Amorphization rate (%) = (1-peak area / total area) x 100 (%) As shown in Table-3, the low cement castable using this AC has a large flow value, good workability and sufficient pot life. Moreover, it has an appropriate aggregation time and high aggregation strength, and has excellent performance as an AC for low cement castables.

Example 2 Using AC shown in Table-1, mixed in the formulation shown in Table-4,
Ultra-low cement castables with extremely low AC content were prepared.

A predetermined amount of water was added to this ultra low cement castable and mixed for 5 minutes with a mixer to measure the physical properties of the kneaded product. The results are shown in Table-5. The measurement of physical properties was in accordance with Example 1.

As shown in Table-5, the ultra low cement castable using this AC has good physical properties such as flow and pot life.

Example 3 High-purity quicklime and Bayer alumina were blended so that C / A = 1/2 and melted in an electric furnace. The melt was cooled in air to obtain crystalline CA (CA ₂ ) clinker. This clinker was crushed with a batch type ball mill to give a Blaine specific surface area.
5,420 cm ² / g of crystalline AC was produced.

Water was added to this crystalline AC in an amount such that the water ratio (W / C) was 60%, and the mixture was cured at 20 ° C. and 100 R.H. for 7 days to prepare an AC hydrated cured product. The hydrated cured product was dried at 110 ° C for 20 hours, and then the particle size was 5
Crushed to 1,200 mm or less, calcined the product at 1,200 for 3 hours, and
A-CA with / A = 1/2 was produced. This A-CA was crushed with a batch-type ball mill, and this AC with a Blaine specific surface area of 6,530 cm ² / g
Got

Amorphous and crystalline AC are mixed according to the formulation shown in Table-6,
A low cement castable was prepared.

A predetermined amount of water was added to this low cement castable and mixed for 3 minutes with a mixer, and the physical properties of the kneaded product were measured. The results are shown in Table-7. The measurement of the physical properties was in accordance with Example 1.

As shown in Table 7, when this AC is used, the aggregation time can be lengthened and a low cement castable hydrated product with high aggregation strength can be obtained.

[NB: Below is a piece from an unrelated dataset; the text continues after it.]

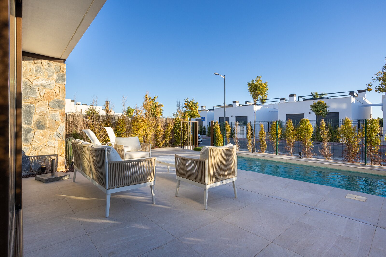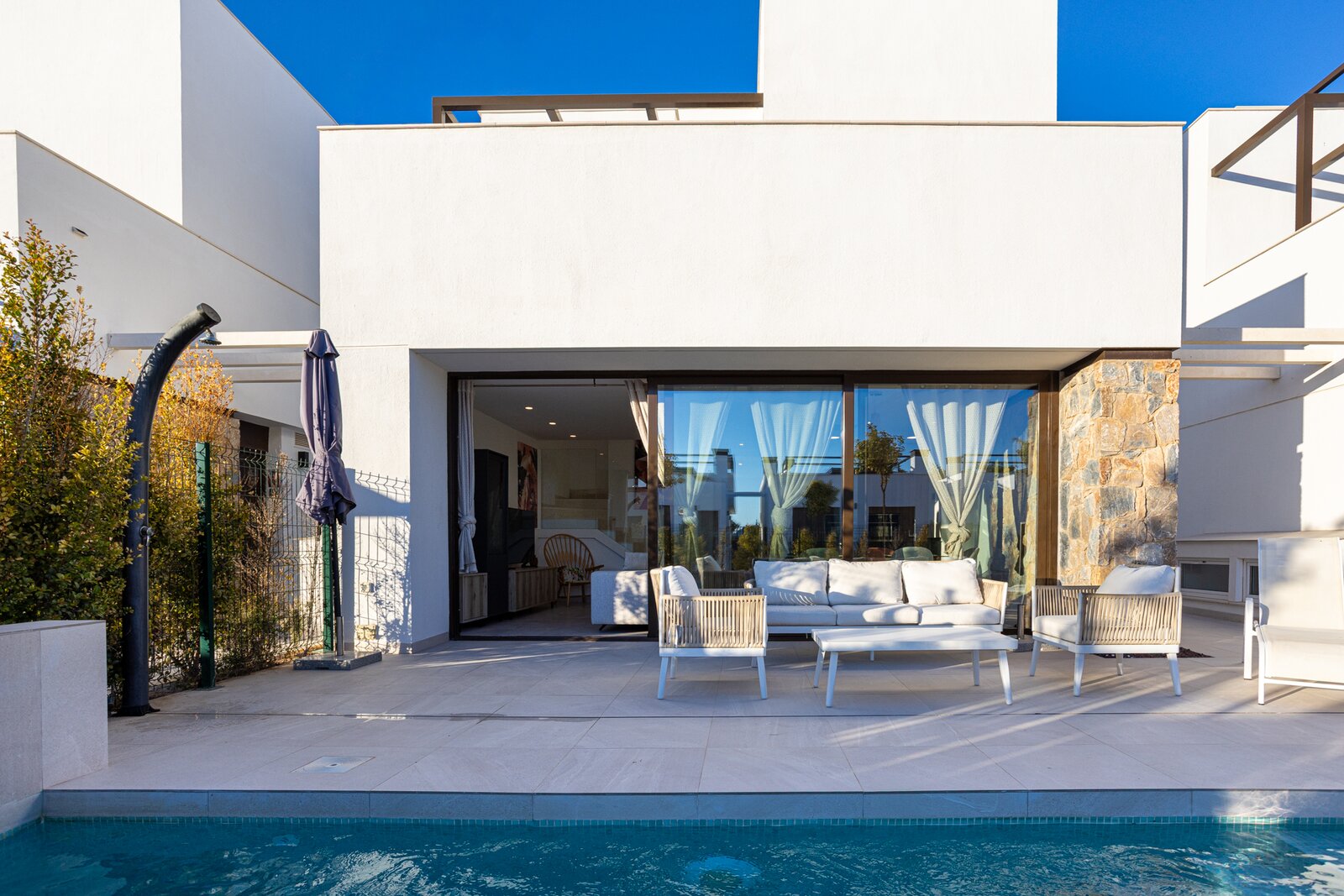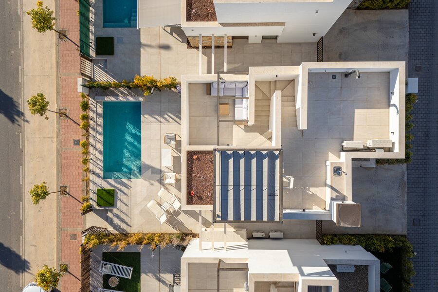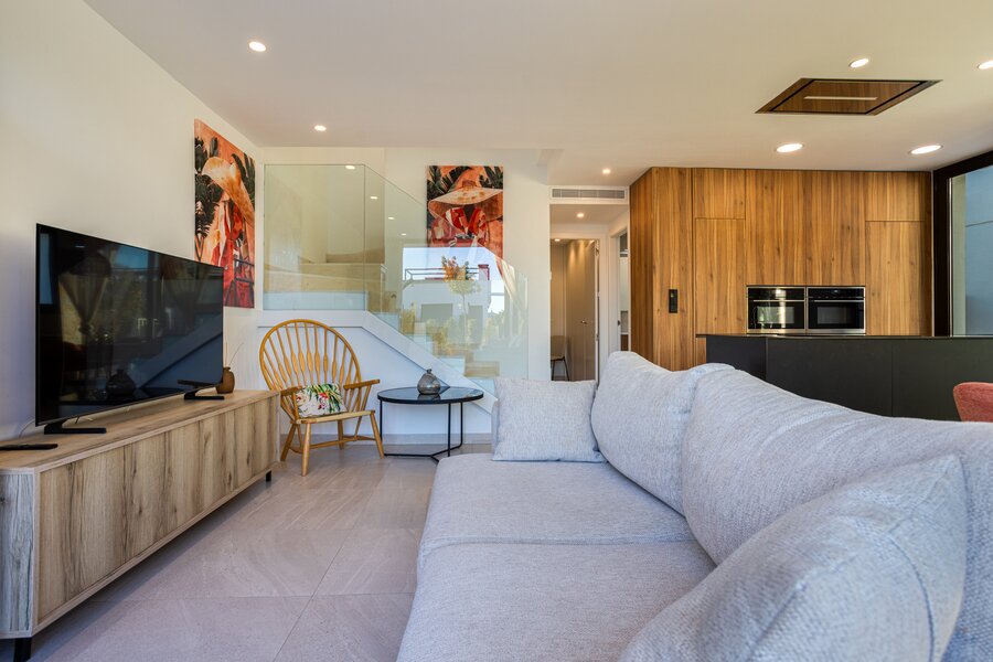 De villa beschikt over 4 ruime slaapkamers, 3 stijlvolle badkamers, een lichte leefruimte met panoramische ramen en directe toegang tot de prachtig aangelegde tuin met privézwembad. De open keuken is ontworpen voor comfort en gezelligheid, met een vloeiende verbinding naar de woon- en buitenruimtes — perfect voor het mediterrane buitenleven.

Example 4 The procedure of Example 1 was repeated, except that the peptizers shown in Table 8 were used for A-CA produced in Example 3. Table of results
It is also described in 8.

The deflocculants used were all reagents 1 manufactured by Ishizu Pharmaceutical Co., Ltd.
The grade was used.

<Effects of the Invention> The low cement castable using the present AC can be constructed with a small amount of water, has good workability, and can obtain a sufficient cohesion time and cohesive strength as needed.

Claims (2)

[Claims] 1. A molar ratio of CaO and Al ₂ O ₃ CaO / Al ₂ O ₃ is 1 / 1.2 to ₃ /
Alumina cement containing 80% by weight or more of amorphous calcium aluminate of 7. 2. A low cement castable binder containing the alumina cement according to claim 1 and ultrafine powder and a deflocculant as main components.